Jones said the store had a wooden front platform, with cracks through which a boy could accidentally lose his pennies; shelves and a counter; a barrel stove surrounded by chairs; and a “box of saw-dust for the tobacco chewers, who in the good old times could infallibly ‘hit it’ from any location.”
About 15 local men generally hung out at the store, more “at mail-time in the evening” – the store was also the post office, one reason, Jones said, that he was allowed to go there so often – and on rainy days. The storekeeper joined their discussions; and, Jones wrote, “his son and successor” was an even more important participant.
This man, according to Jones, “had served in the Civil War, had lived in Boston, had had a term in jail! He knew the world from inside out and had tales to tell about the ways of the world.”
This man (Jones never did name him in A Small-Town Boy) became Jones’ good friend, taught him to sail on China Lake and let him help in the store. Jones wrote that his upbringing enabled him to hear cursing and vulgarity without joining in, and that mixing with this group taught him to get along with different kinds of people.
Store conversations varied from anecdotes and wisecracks to local, state and national politics. James G. Blaine, of Augusta, was the store-sitters’ hero and perennial presidential nominee, though the majority of the country never agreed to elect him.
One day, Jones wrote, Blaine himself stopped his “span of well-groomed horses” at the South China store. Jones was in the forefront of the admiring crowd, and Blaine asked him to water the horses.
“As a Quaker, I had never yet said ‘Sir’ to any body,” Jones wrote, and he still couldn’t, even to his “greatest living hero.” He replied, “It will give me great pleasure to bring water for thy horses, James G. Blaine.”
Jones watered the horses. Blaine, knowing a tip would be “an impossible breach of good manners,” exchanged a few sentences with the boy and drove off. Jones was a local “near-hero” for days thereafter.
To be continued
The history of the Quakers
The history of the Quakers, properly known as the Society of Friends, begins in England in the 1650s, with a man named George Fox (1624-1691).

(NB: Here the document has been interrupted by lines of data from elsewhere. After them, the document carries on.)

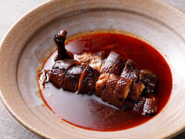 料理は、全11品程度から成るコースのみ。旬の食材を使った色とりどりの料理が展開される。本稿では同店のスペシャリテ「鴨 四川火鍋スープ仕立て」(写真上)を紹介。氷砂糖と醤油で30分以上かけて煮詰めた和歌山県産の鴨を、20種類のスパイスが入った醤(ジャン)をベースとする火鍋でいただくこちらの一品は、濃厚なうまみがどこまでも後を引く。
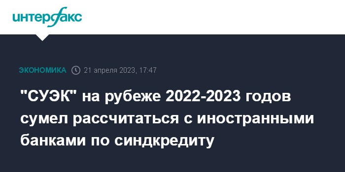 Москва. 21 апреля. INTERFAX.RU - ООО МК "СУЭК ЛТД" в декабре-январе сумело рассчитаться по синдицированному кредиту с иностранными кредиторами, следует из отчета компании.
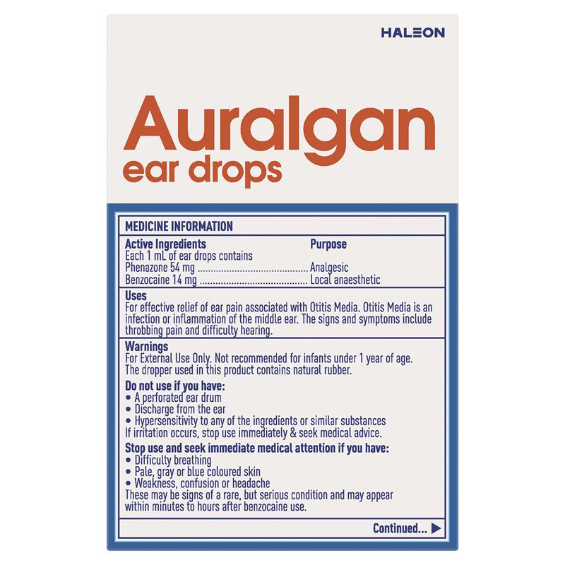 Auralgan Ear Drops is specifically formulated with Benzocaine, a local anaesthetic and Phenazone, an analgesic to provide effective relief of the pain associated with Otitis Media. Suitable For: Auralgan Ear Drops is ideal for effective relief of ear pain
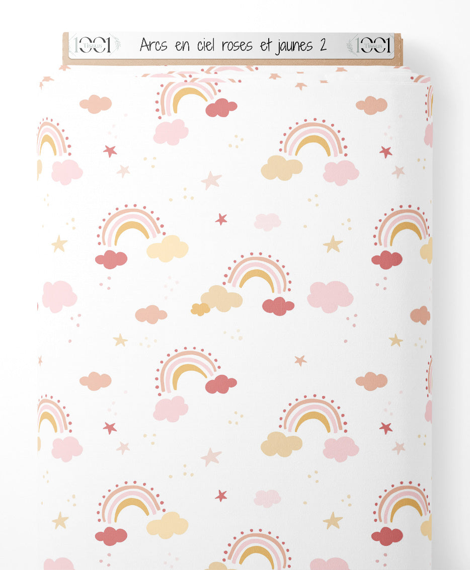 Tissu - Arcs-en-ciel roses et jaunes 2
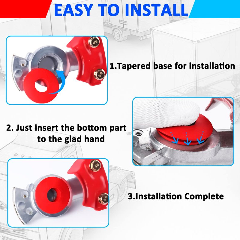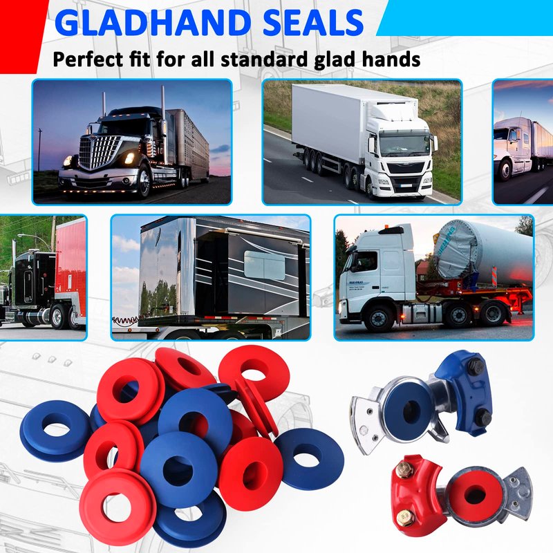 - 【EXCELLENT PERFORMANCE】Our glad hands seals are durable to use, good elasticity, high toughness, good torsion,tear resistance,oils resistance, chemicals resistance and waterproof. Red and blue color for easy identification to avoid incorrect connections.Designed with a tapered base for ease of installation. It's a must-have for your truck.

Fox and his followers rejected the dominant Church of England. They believed in a direct relationship between God and the individual, not mediated by a religious hierarchy. A history on a Vassalboro Friends Meeting website says, “Quakers rejected outward sacraments and priestly orders, depending instead on the inward power of Christ’s example for guidance.”
Early Quakers gave women a more important role than elsewhere in society, emphasizing the role of mothers in raising children in faith, piety and love. Quakers were from the beginning anti-slavery and anti-war, often putting them at odds with the dominant society.
Despite persecution in the 1660s, Quakerism spread in England and Wales and was soon imported to the colonies in North America. Massachusetts Puritans initially opposed the doctrine, imprisoning and executing practicing Quakers. Other colonies were more tolerant.
Like other religions, the Society of Friends had its divisions that created schisms and subgroups in the 18th and 19th centuries. And like other religions, British and American Quakers sent missions to other parts of the world.
In 1775, Rufus M. Jones wrote in his history of the Society of Friends in Henry Kingsbury’s Kennebec County history, a New York Quaker named David Sands made the first of his four trips to the Kennebec Valley. He and his companions stopped at the home of Remington Hobbie, an early settler in Vassalboro, whom Sands converted to Quakerism.
In addition to Sands’ influence, the Vassalboro Friends website says that during the American Revolution, their pacifism made Massachusetts Quakers unpopular. Many moved to Vassalboro, China, Sidney and Fairfield in the 1780s and 1790s.
Jones said the first meeting in Vassalboro was organized in 1780, and the first meeting house was built, in two sections, in 1785 and 1786.
Vassalboro’s meeting included members from China, Sidney and Fairfield before those towns had their own meetings and meeting houses. In China, Jones said, half the Clark family (the mother and two of four sons), who were the first settlers around China Lake in 1774, were Friends.
Jones wrote that the first meeting in Sidney was in 1795. Fairfield Quakers also attended; meetings still alternated between the two towns in 1892, he said.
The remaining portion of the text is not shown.